Raconté comme ça, ça a l’air assez simple mais il faut voir que toute la structure du récit est en flashbacks, chacun racontant son histoire et Paul ses souvenirs. La notion de mémoire est au centre du récit et les références abondent. Référence à la SF des années 30/40 (Les Seigneurs de l’Instrumentalité de Cordwainer Smith, les empires d’Isaac Asimov…) et ensuite, à la suite d’un voyage dans le Bruxelles de l’exposition universelle où l’on croise André Franquin et des échos de Moebius. Si j’ai beaucoup apprécié la première partie, purement SF états-unienne, j’avoue que j’ai été un peu dérouté par le méchant Zelbub, décalque de Zorglub, ridicule inclus et il a fallut m’accrocher pour boucler l’album. C’est hyper bien construit (tout démarre au milieu des ruines de l’empire maya, par un jeu de Memory, le méchant se signale par la perte de mémoire de ses victimes) avec des références intelligentes (j’ai rêvé où il y a un morceau de L’invention de Morel ?), tout cela soigneusement dissimulé dans une espèce de thriller ironique mais c’est un petit peu trop pour moi. Un peu comme s’il y avait au dessert des profiteroles, une île flottante et une tranche de brioche façon pain perdu avec de la glace vanille. Sans compter que je n’ai rien compris à l’histoire du condamné chinois, soit-disant le traumatisme qui a déclenché l’évasion psychique du héros.

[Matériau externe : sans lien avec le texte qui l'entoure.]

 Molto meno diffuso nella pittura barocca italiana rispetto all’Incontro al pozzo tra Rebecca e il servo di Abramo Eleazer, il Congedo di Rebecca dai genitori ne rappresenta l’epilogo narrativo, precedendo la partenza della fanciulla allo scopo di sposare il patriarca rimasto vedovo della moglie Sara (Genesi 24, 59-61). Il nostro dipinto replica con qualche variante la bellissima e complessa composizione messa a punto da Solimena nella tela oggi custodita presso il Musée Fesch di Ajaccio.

Le dessin d’ Alex Clérisse a suivi le sens inverse : très inspiré par les années 50/60 (école Mary Blair), il m’a semblé au début en décalage avec la SF décrite qui fait plutôt années 40/50. Mais petit à petit, avec l’arrivée des années 60, ça devient très cohérent et la richesse d’idées graphiques est impressionnante.
Au final, c’est un album dont je conseille fortement la lecture au lecteur qui aime la BD ambitieuse mais avec un risque certain de désorientation voire d’agacement.

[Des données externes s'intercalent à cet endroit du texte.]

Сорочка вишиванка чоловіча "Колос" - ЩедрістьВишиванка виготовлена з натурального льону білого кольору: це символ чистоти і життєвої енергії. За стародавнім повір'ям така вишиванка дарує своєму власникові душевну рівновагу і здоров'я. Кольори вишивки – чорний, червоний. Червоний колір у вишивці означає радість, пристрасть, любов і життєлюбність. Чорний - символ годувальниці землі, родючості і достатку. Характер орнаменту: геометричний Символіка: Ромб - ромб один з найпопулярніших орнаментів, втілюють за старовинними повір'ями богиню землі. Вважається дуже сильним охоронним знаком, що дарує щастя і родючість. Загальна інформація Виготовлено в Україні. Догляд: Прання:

Le dessin,la couv,et ce billet inspiré vont encore m’inviter à la curiosité:Merci Onc’Li An !
(Le dessin renvoie à Renaud Collin,un’ poco)
Ah:Et merci de ronchonner pour nous.J’y souscris.
@julien : je ne saurai dire pour Renaud Collin.
Ce qu’il ya de bien (aussi) avec cette bd, c’est qu’on peut la lire dans le désordre, ça marche toujours. Dingue.